Hackers Leverage Compromised Fortinet Devices to Distribute Ransomware
Threat actors have exploited Fortinet Virtual Private Network (VPN) devices to try and infect a Canadian-based college and a global investment firm with ransomware.
The findings come from eSentire’s Threat Response Unit (TRU), which reportedly stopped the attacks and shared information about them with Infosecurity ahead of publication.
eSentire said the threat actors tried to exploit a critical Fortinet vulnerability (tracked CVE-2022-40684) discovered by the company in October 2022.
“Fortinet described the security weakness as an authentication bypass vulnerability. If successfully exploited, an unauthenticated attacker could gain access to a vulnerable Fortinet device.”
In the advisory, Fortinet said they had seen only one incident where the vulnerability was being actively exploited, but a few days later, a functional proof-of-concept (POC) exploit code was publicly released.
“TRU first saw a slew of threat actors scanning the internet for vulnerable Fortinet devices,” eSentire wrote.

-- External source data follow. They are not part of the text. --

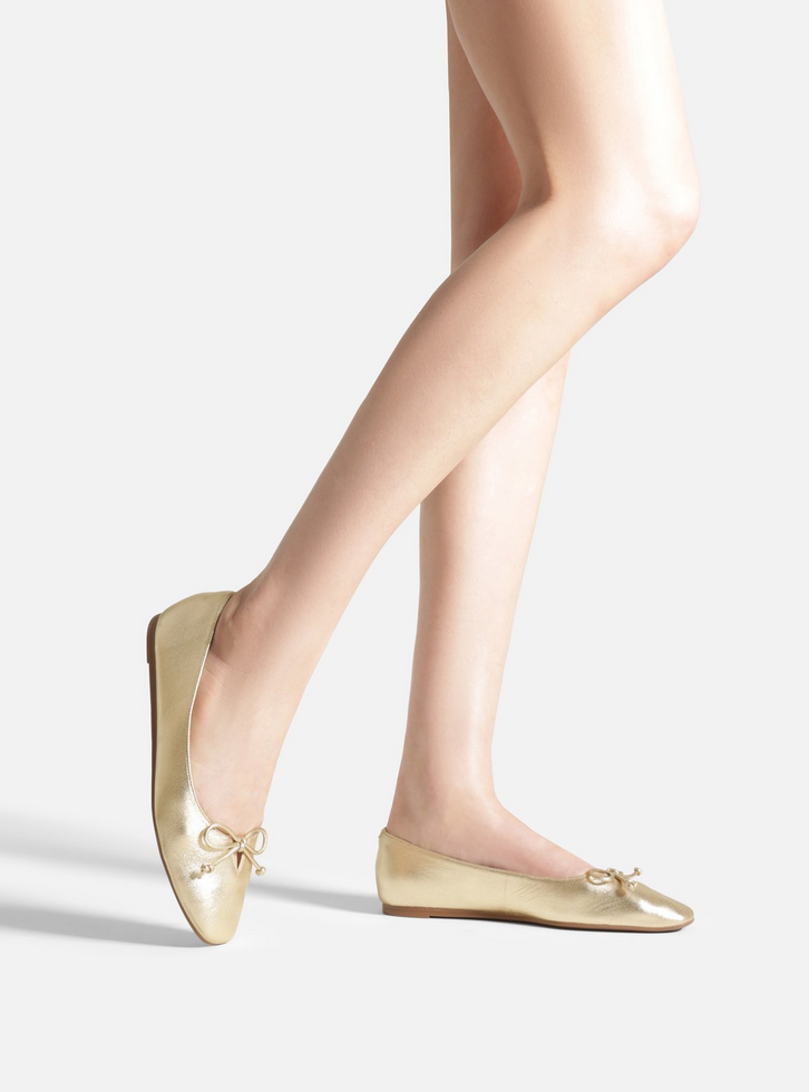 Sapatilha dourada em couro. O sapato tem salto rasteiro e formato arredondado na ponta. Possui cabedal liso com recorte frontal sutil e laço pequeno aplicado na parte superior. Com palmilha bege e inscrição do nome da marca.
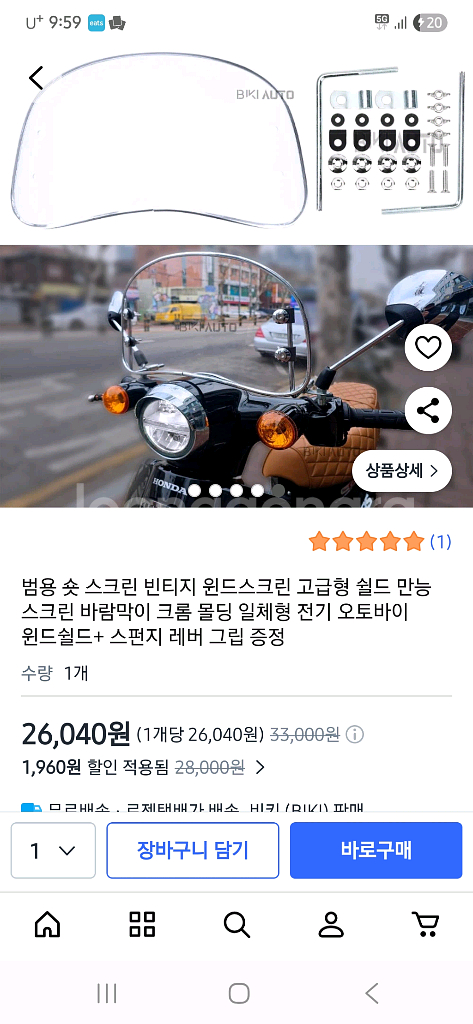 전기 오토바이에 장착하는 윈드실드입니다. 빈티지한 디자인으로 오토바이 외관을 더욱 멋스럽게 만들어줍니다. 찬바람을 막아주어 주행 시 피로감을 덜어줍니다. 문의 없으시면 바로 안전결제해주시면 됩니다! 크롬 몰딩 있어서 고급 스러워요 장착만하고 탈거 택비 포함 12.000 문자나 전화 부탁
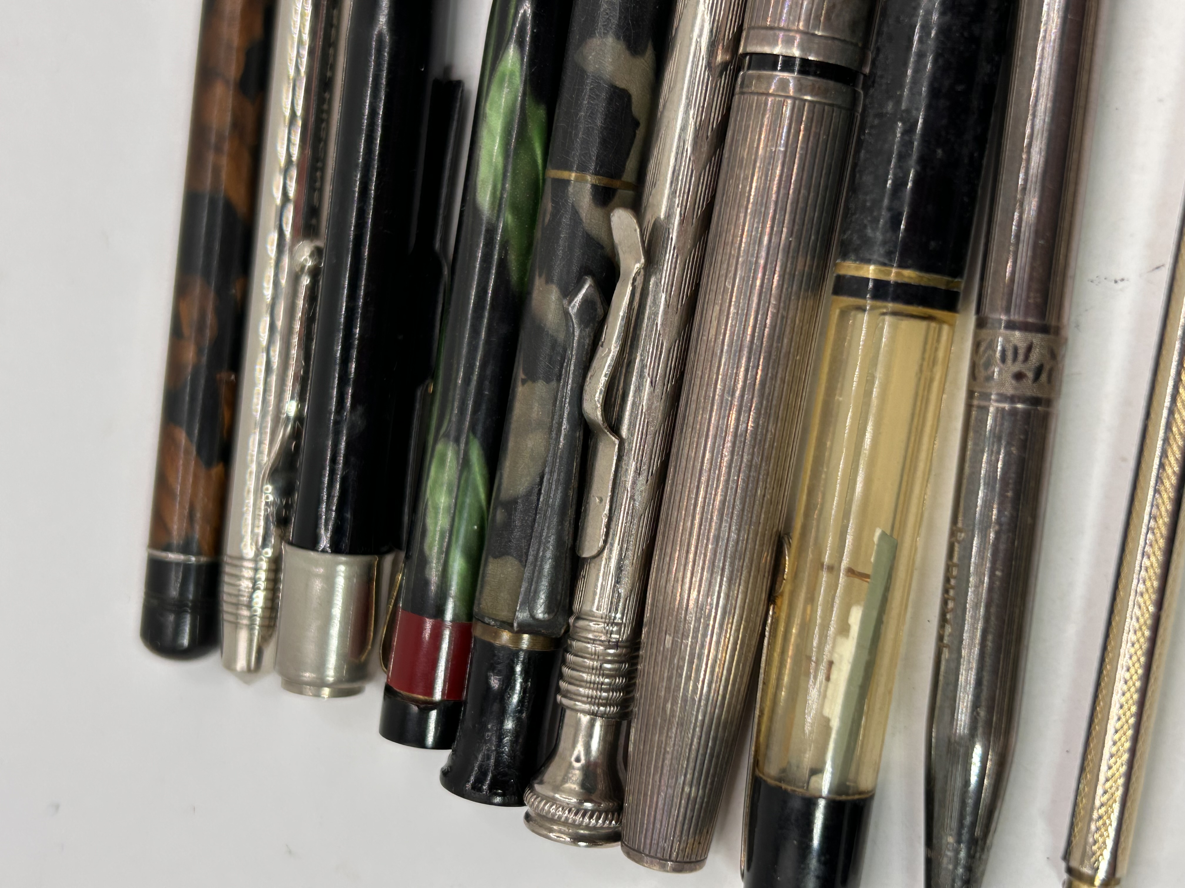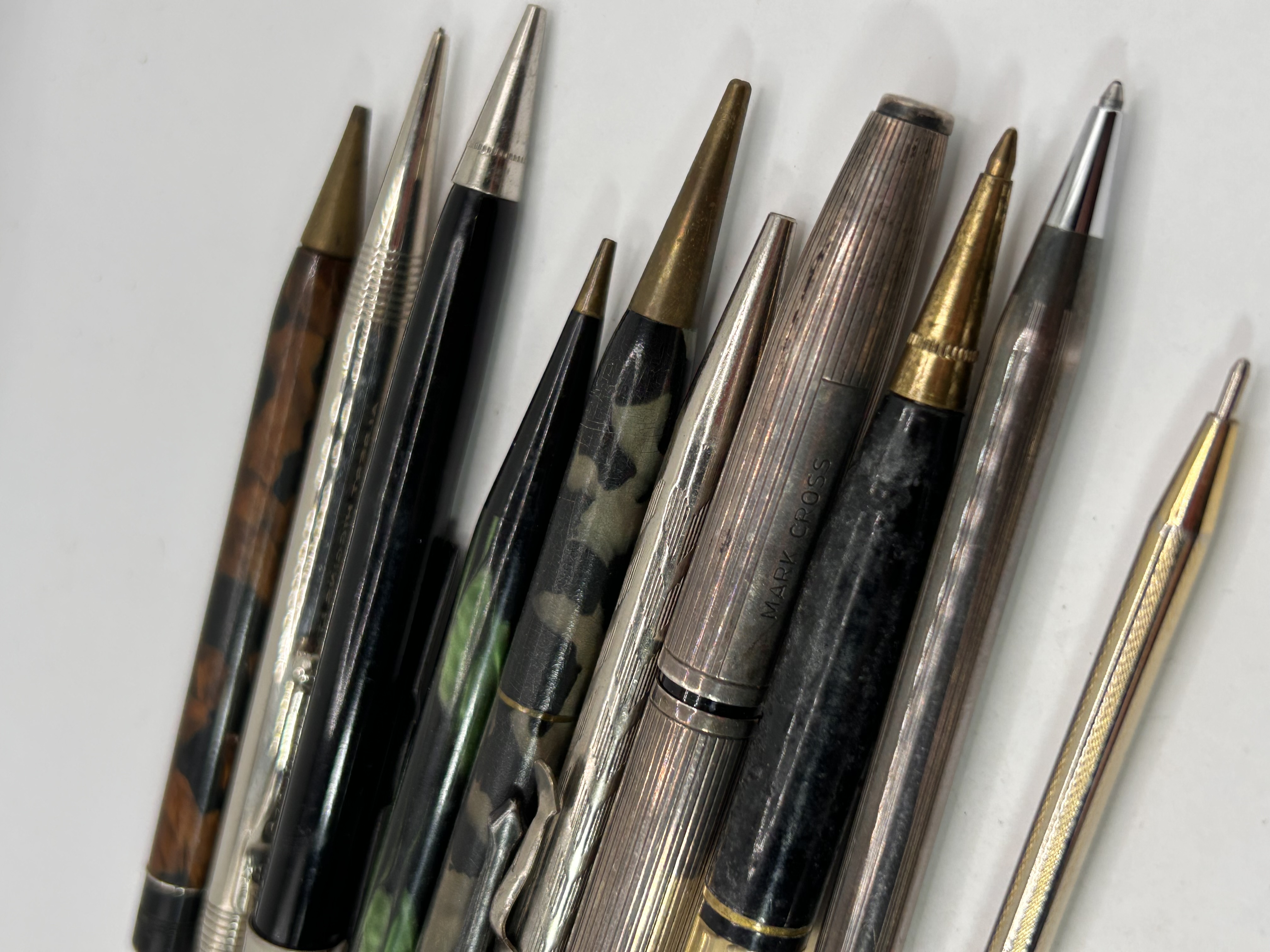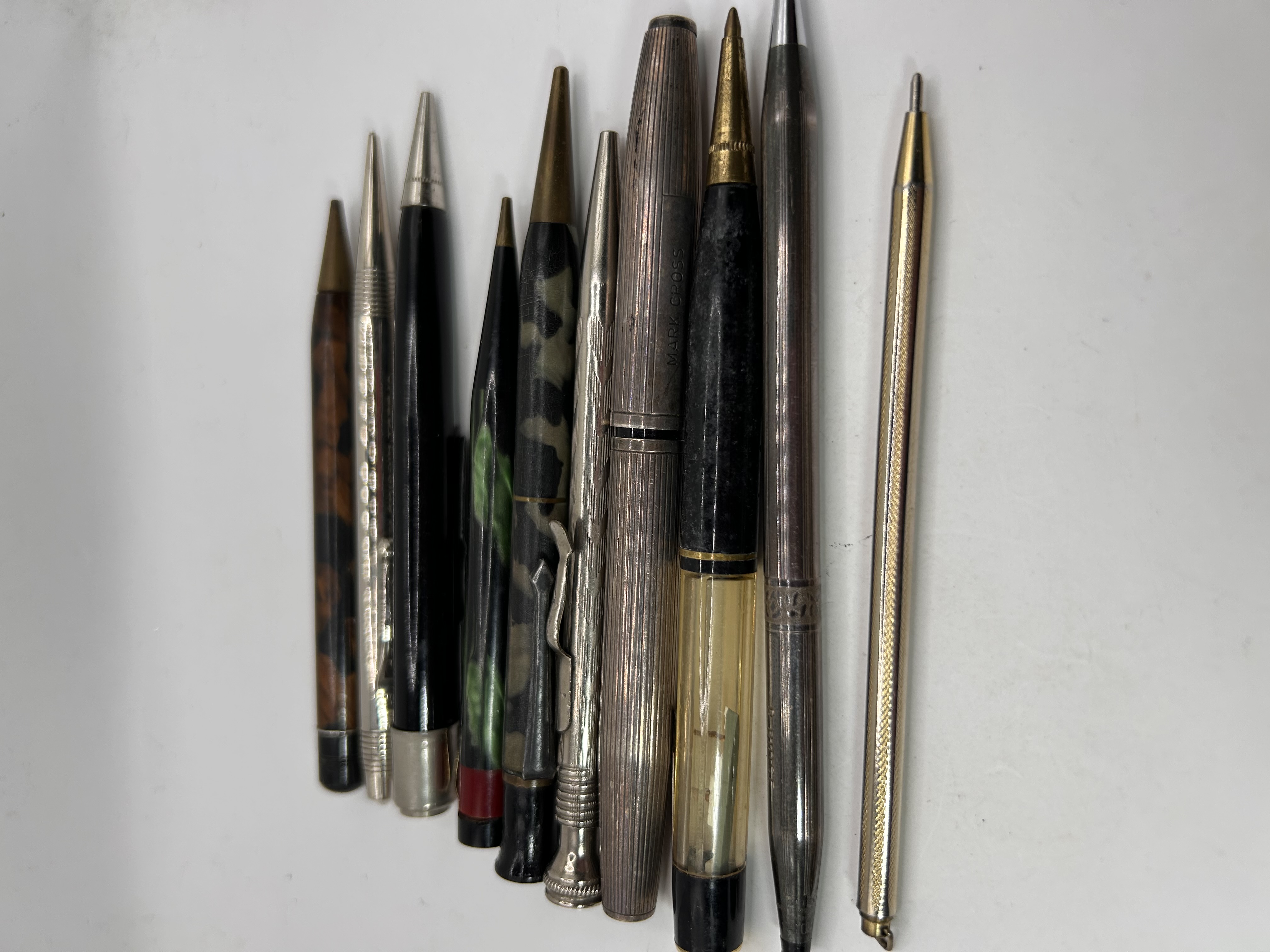 The collection comprises 10 vintage writing instruments, including mechanical pencils and pens, presented in a stacked arrangement. Materials observed include various plastics simulating tortoiseshell, mottled green/black, and solid black, alongside metallic components that are silver-toned and gold-toned. One instrument is identified as a fountain pen due to the presence of a translucent yellow ink window section. Several metallic items feature ribbed or engine-turned detailing, consistent with mid-20th-century design. One silver-toned, ribbed instrument is visibly inscribed with the manufacturer name “MARK CROSS” on the barrel. The collection likely includes examples constructed from sterling silver, based on comparable market examples for similar vintage writing instruments.

Conducting dark web hunts, TRU then said it observed hackers buying and selling compromised Fortinet devices in the underground markets, indicating widespread exploitation.
“Hacker sales ranged from individual organizations to bulk sales, with numerous buyers showing interest,” eSentire explained.
Once they noticed this activity, the team said it tracked down the technical details of the exploit and created log-based detections for Fortinet devices.
“Conducting threat hunts, TRU swept historical logs from the Fortinet devices looking for indicators of compromise,” reads the company’s report. “TRU identified several customers whose devices showed signs of recent threat activity.”
Among that activity were the two aforementioned cyber-intrusions, eSentire said.
“In both cases, once the hackers got a foothold into the targets’ IT environments via the Fortinet VPNs, the threat actors used Microsoft’s remote desktop protocol (RDP) service by abusing trusted Windows processes (also referred to as LOLBINs or living-off-the-land binaries) to achieve lateral movement.”
“The hackers also abused the legitimate encryption utilities, BestCrypt and BitLocker, which were originally intended to secure data – not hold it hostage,” eSentire continued.
According to the advisory, the use of a remote exploit, LOLBINs and legitimate encryption combined with no leak site make attribution difficult.
“However, the ransom note did follow the format of a ransomware observed in early 2022 known as KalajaTomorr,” warned eSentire, “an operation which has been observed deploying BestCrypt via RDP lateral movement.”
Commenting on the exploit is Keegan Keplinger, research and reporting lead for eSentire’s TRU research team.
“Like any security technology, it is possible to misconfigure an SSL VPN, which can leave [organizations] susceptible to attacks,” said Keplinger.
“VPNs are Internet-facing, so they are easier for hackers to target. What makes them so valuable to threat actors is that VPN devices are often integrated with organization-wide authentication protocols, so access to a VPN device means access to the organization’s credentials.”
The TRU advisory comes a couple of months after the Bahamut spyware group was spotted compromising Android devices via fake VPN apps.